MySql-MHA-Docker集群部署搭建
本文概述
本文主要介绍 docker 安装配置Mysql 、安装配置MHA 从而实现快速构建高可用mysql集群。
机器准备
一个简单的表格是这么创建的:
地址 | 软件 | 备注 |
---|---|---|
172.22.1.68 | mysql (master)、mha data node | |
172.22.1.88 | mysql (slave)、mha data node | |
172.22.1.94 | mysql (备master)、mha data node | |
172.22.1.81 | MHA、mha data node、mha manage | 管理 |
架构图:
前置条件
- docker环境安装;
docker 安装参考:docker安装 - 机器具备访问外网的条件;
MySQL主从复制集群搭建
1、安装mysql:准备3台机器安装mysql
$ docker pull mysql:5.7.34
$ mkdir -p /usr/local/mysql
$ cd /usr/local/mysql
$ docker run -itd --privileged -p 3306:3306 --name mysql-5.7.34 -v $PWD/conf:/etc/mysql/conf.d -v $PWD/logs:/var/log/mysql -v $PWD/data:/var/lib/mysql -e MYSQL_ROOT_PASSWORD=zlwy@mysql -d mysql:5.7.34
$ docker exec -it mysql-5.7.34 bash
$ mysql -u root -p
$ GRANT ALL PRIVILEGES ON *.* TO 'root'@'%' IDENTIFIED BY 'zlwy@mysql' WITH GRANT OPTION;
$ flush privileges;
2、安装配置mysql master
- 创建修改 my.cnf
$ vi /usr/local/mysql/conf/my.cnf
[mysqld]
log_bin=master-bin-68
log_bin_index=master-bin.index
server-id=1
# 每次写入都同步到binlog
sync-binlog=1
binlog-ignore-db=information_schema
# 忽略不同步
binlog-ignore-db=performance_schema
binlog-ignore-db=sys
gtid_mode=on
enforce_gtid_consistency=1
log_slave_updates=1
relay_log_index=master_relay_bin.index
relay_log=master_relay_bin
plugin_load="rpl_semi_sync_master=semisync_master.so;rpl_semi_sync_slave=semisync_slave.so"

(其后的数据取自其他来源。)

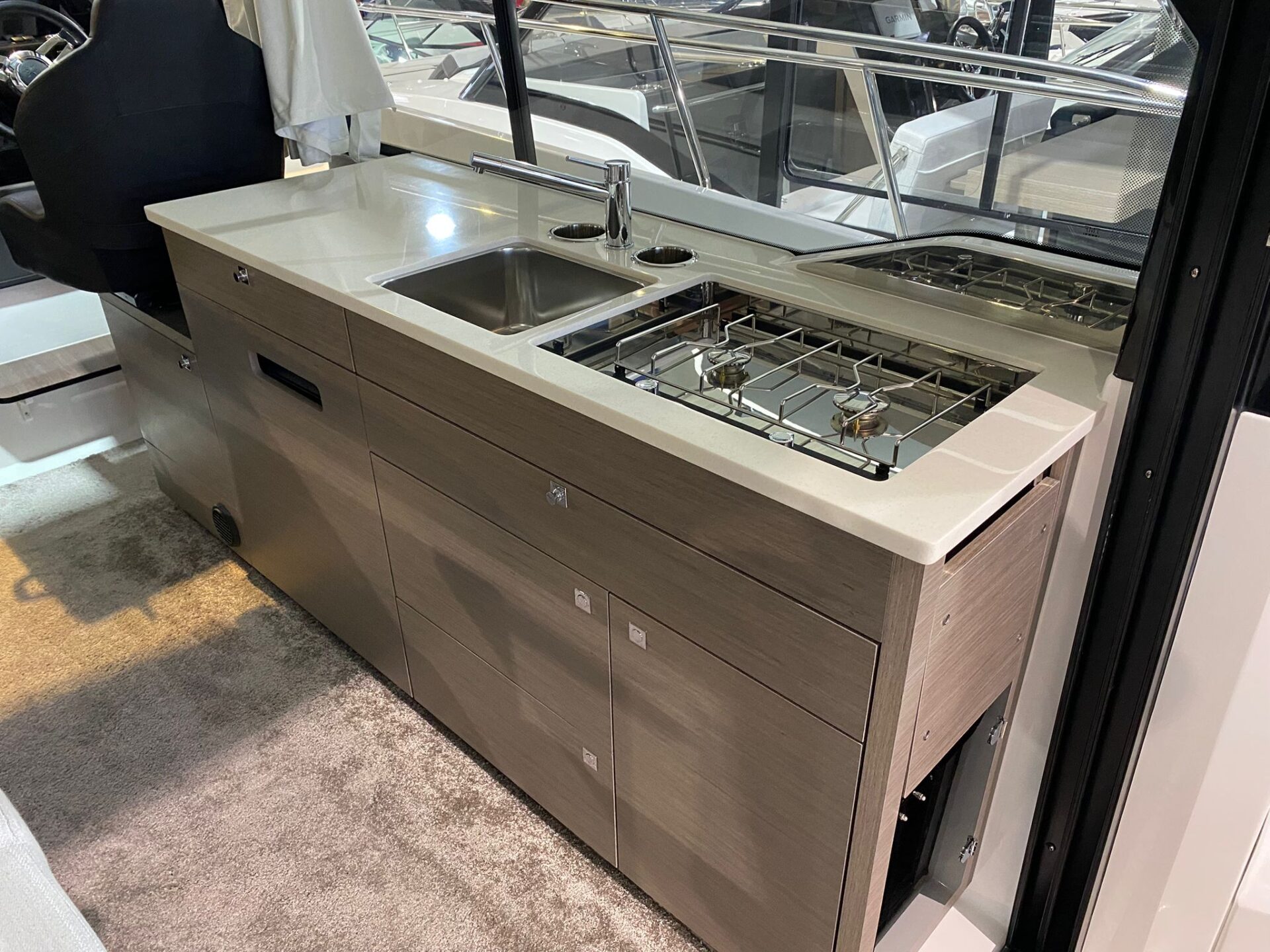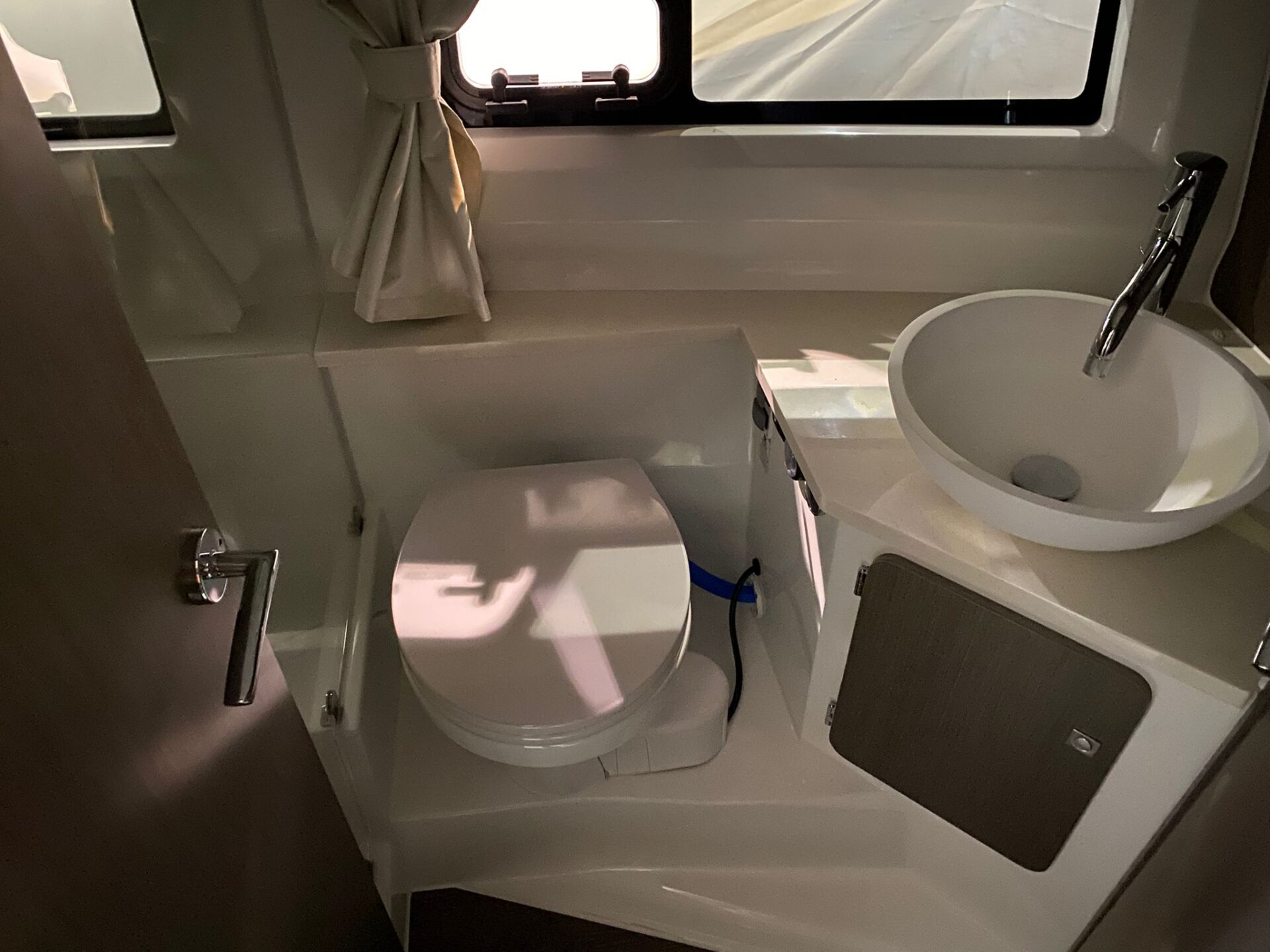 - Komfort Paket 220V – 50 HZ: Elektrische Frischwassertoilette, Frischwasserdirektaufnahme, Steuerung Ankerwinde vom Steuerstand, Waschbecken und Kocher in der Pantry
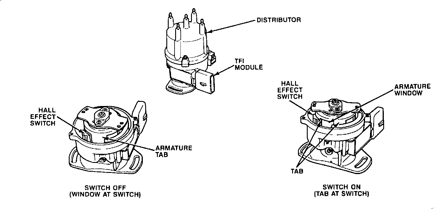 In other words when one of the windows or openings is in the gap between the Hall device and the permanent magnet, the field stays strong and the voltage is high since the magnetic path is complete from the magnet, through the Hall device, and back to the magnet. In this case the switch is off and the Hall Effect does not send a signal. When the TAB enters the gap, the armature cuts off the magnetic path to the Hall device and its voltage drops. In this case the switch is on and the Hall Effect device sends a signal. The signal is switched On and Off as long as the armature is rotating (distributor is turning) and opening and closing the magnetic path.
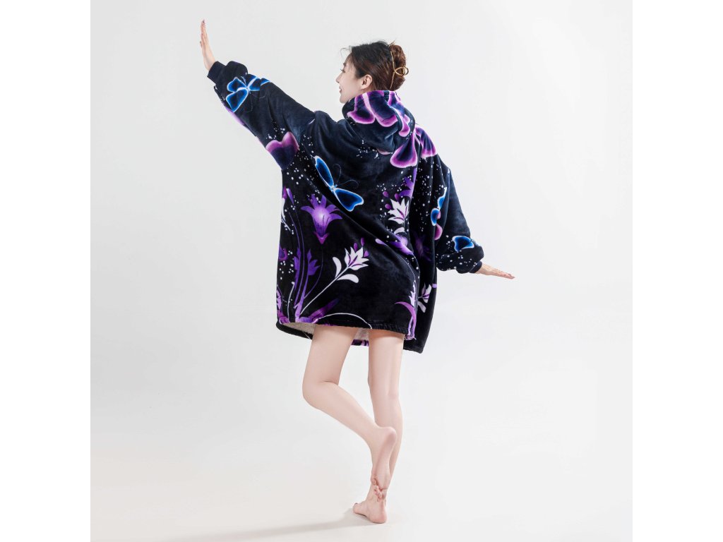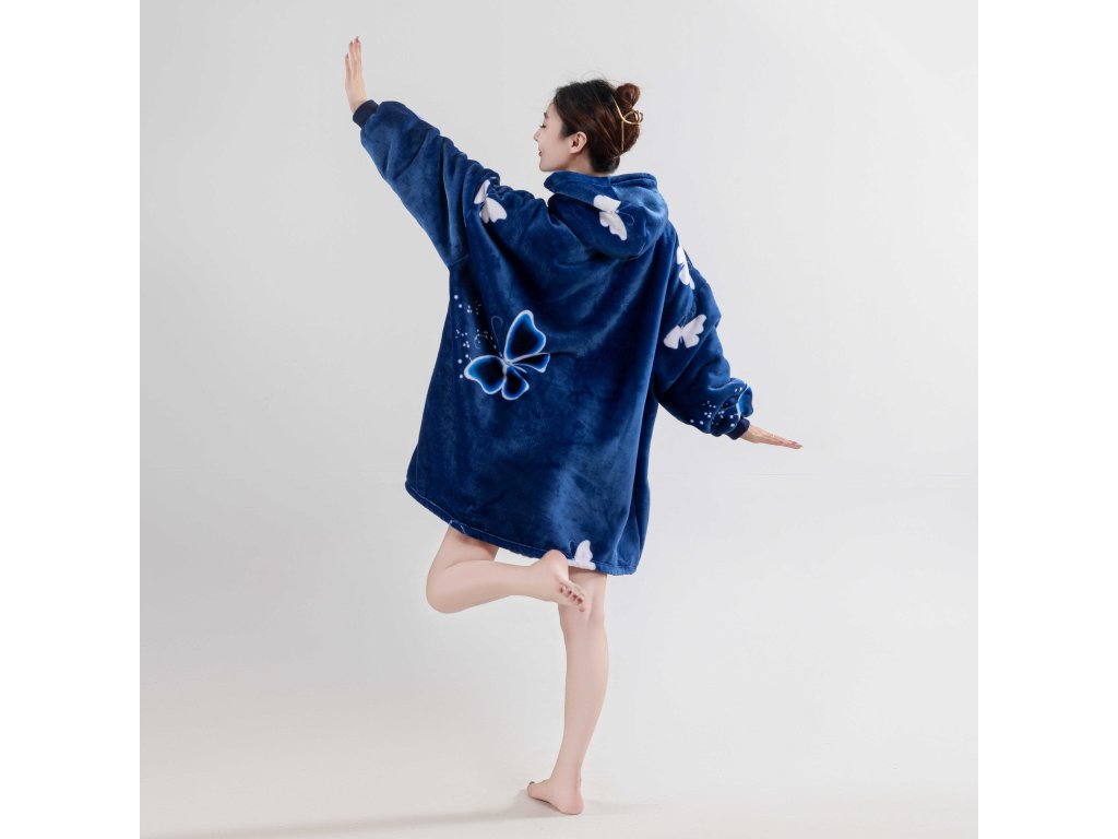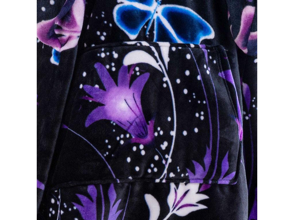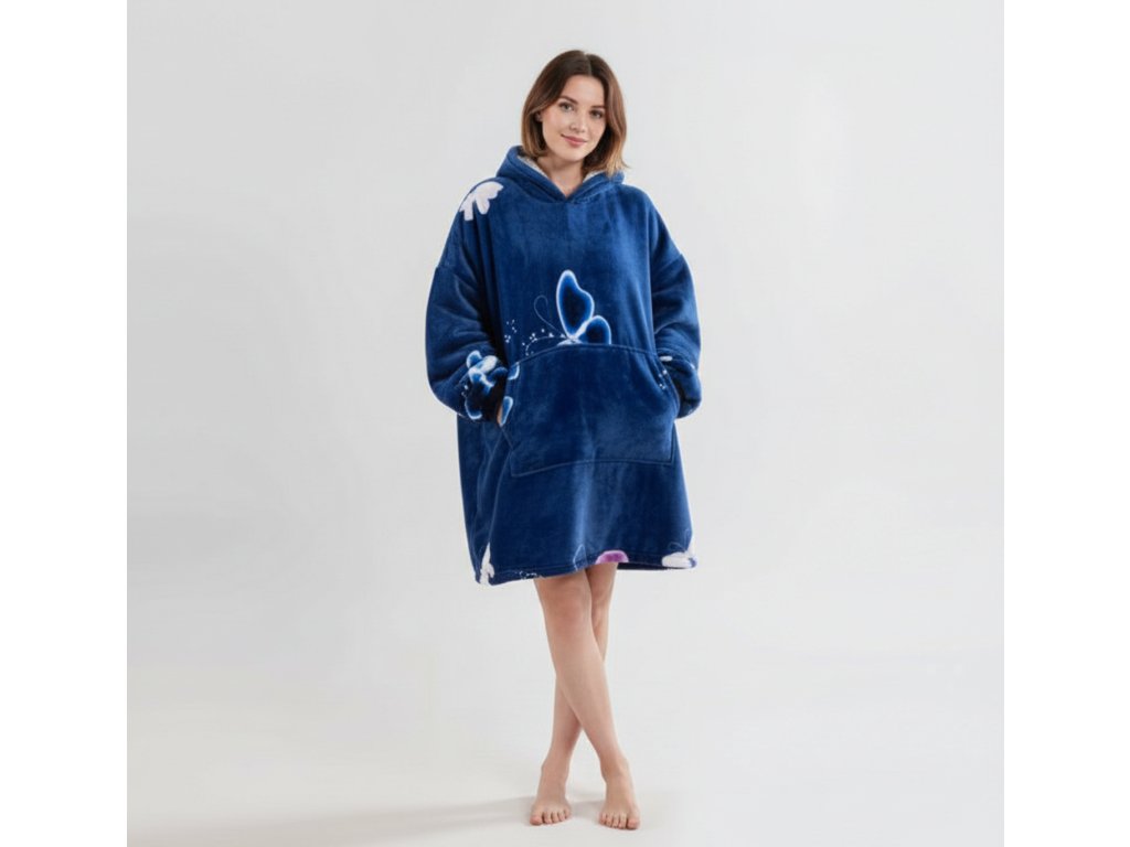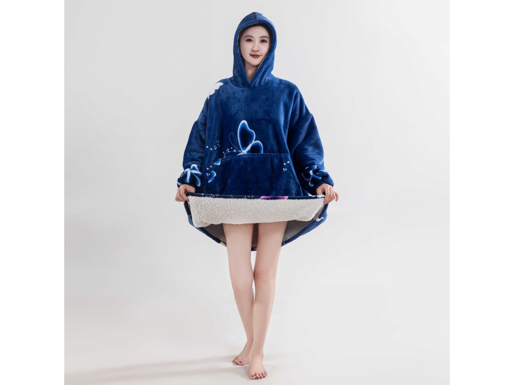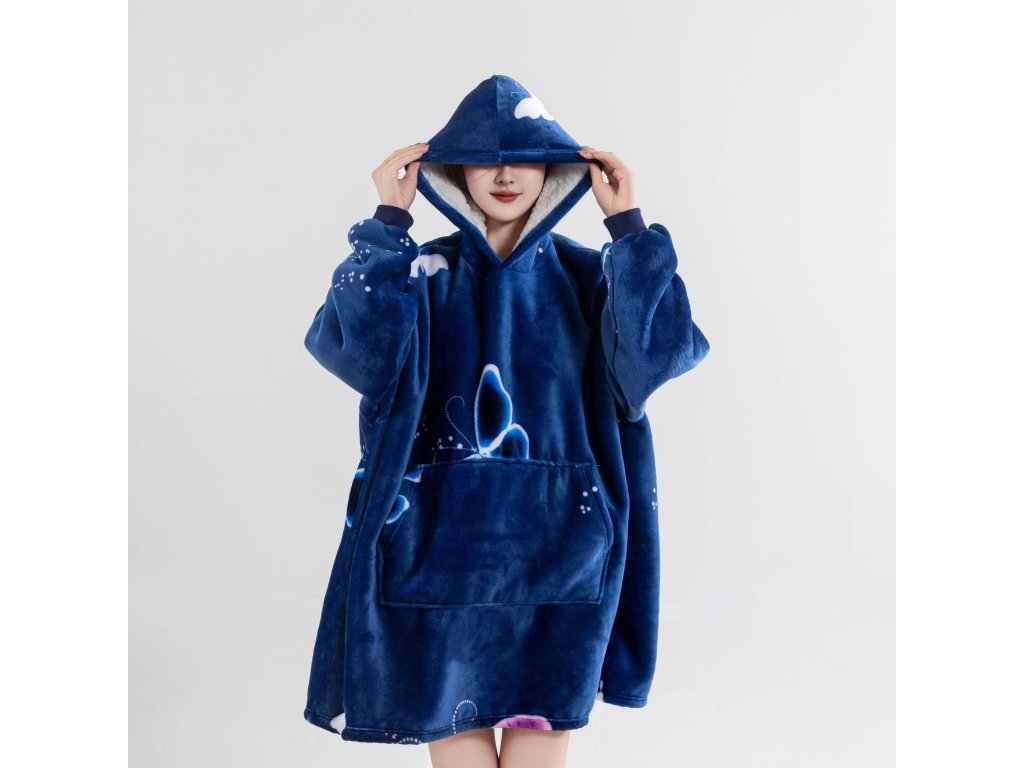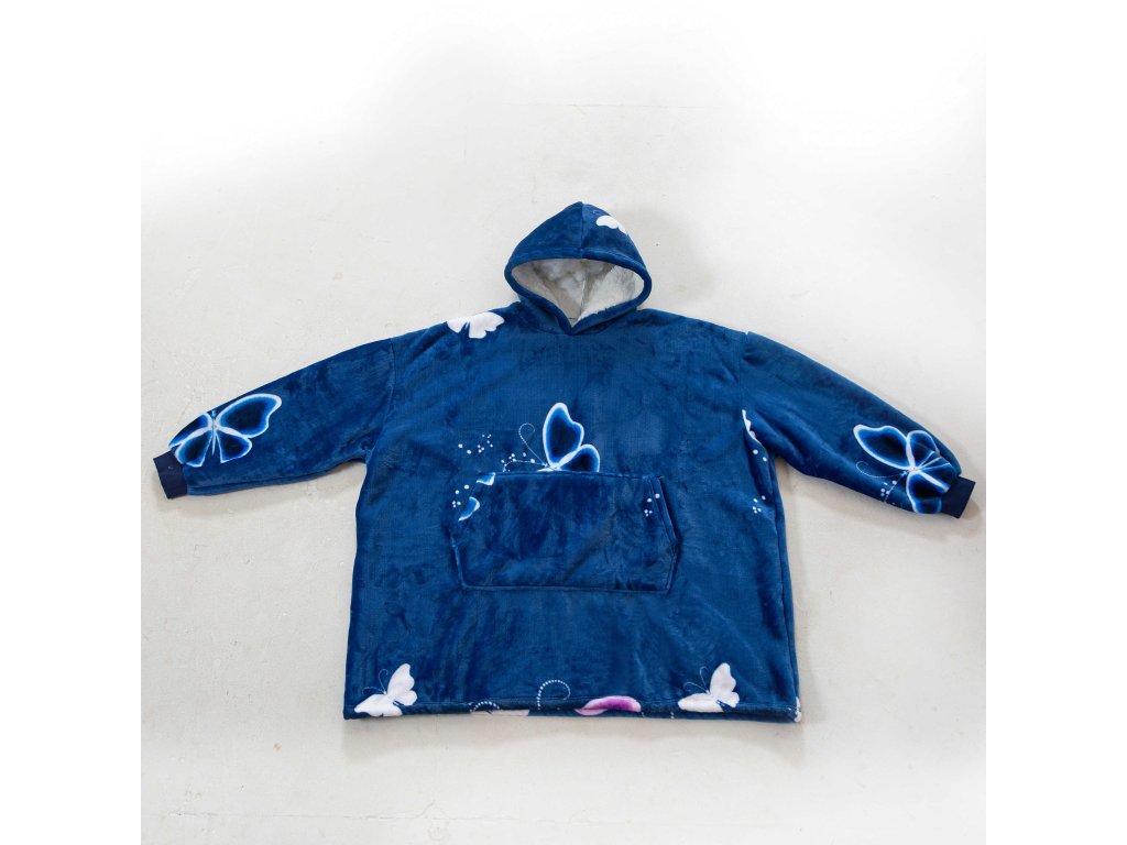 Bluza z baranka z rękawami i kapturem VIOLET BUTTERFLY ciemnoniebieska

loose_rpl_semi_sync_master_enabled=1
loose_rpl_semi_sync_slave_enabled=1
loose_rpl_semi_sync_master_timeout=5000
2 . 重启mysql: systemctl restart mysqld.service
$ docker restart mysql-5.7.34
$ docker exec -it mysql-5.7.34 bash
3 . 登录mysql进行账户授权,注:identified by 后需要填写你root账户对应的密码
$ grant replication slave on *.* to 'root'@'%' identified by 'zlwy@mysql';
$ GRANT ALL PRIVILEGES ON *.* TO 'root'@'%' IDENTIFIED BY 'zlwy@mysql';
$ flush privileges;
$ show master status;
3、安装配置(88)mysql slave
- 创建修改 my.cnf
$ vi /usr/local/mysql/conf/my.cnf
[mysqld]
server-id=2
sync-binlog=1
log_bin=master-bin-68
binlog-ignore-db=information_schema
binlog-ignore-db=performance_schema
binlog-ignore-db=sys
relay_log_index=master_relay_bin.index
relay_log=master_relay_bin
relay_log_purge=0
innodb_log_file_size=256M
expire-logs-days=1
read_only=1
gtid_mode=on
enforce_gtid_consistency=on
log_slave_updates=1
plugin_load="rpl_semi_sync_master=semisync_master.so;rpl_semi_sync_slave=semisync_slave.so"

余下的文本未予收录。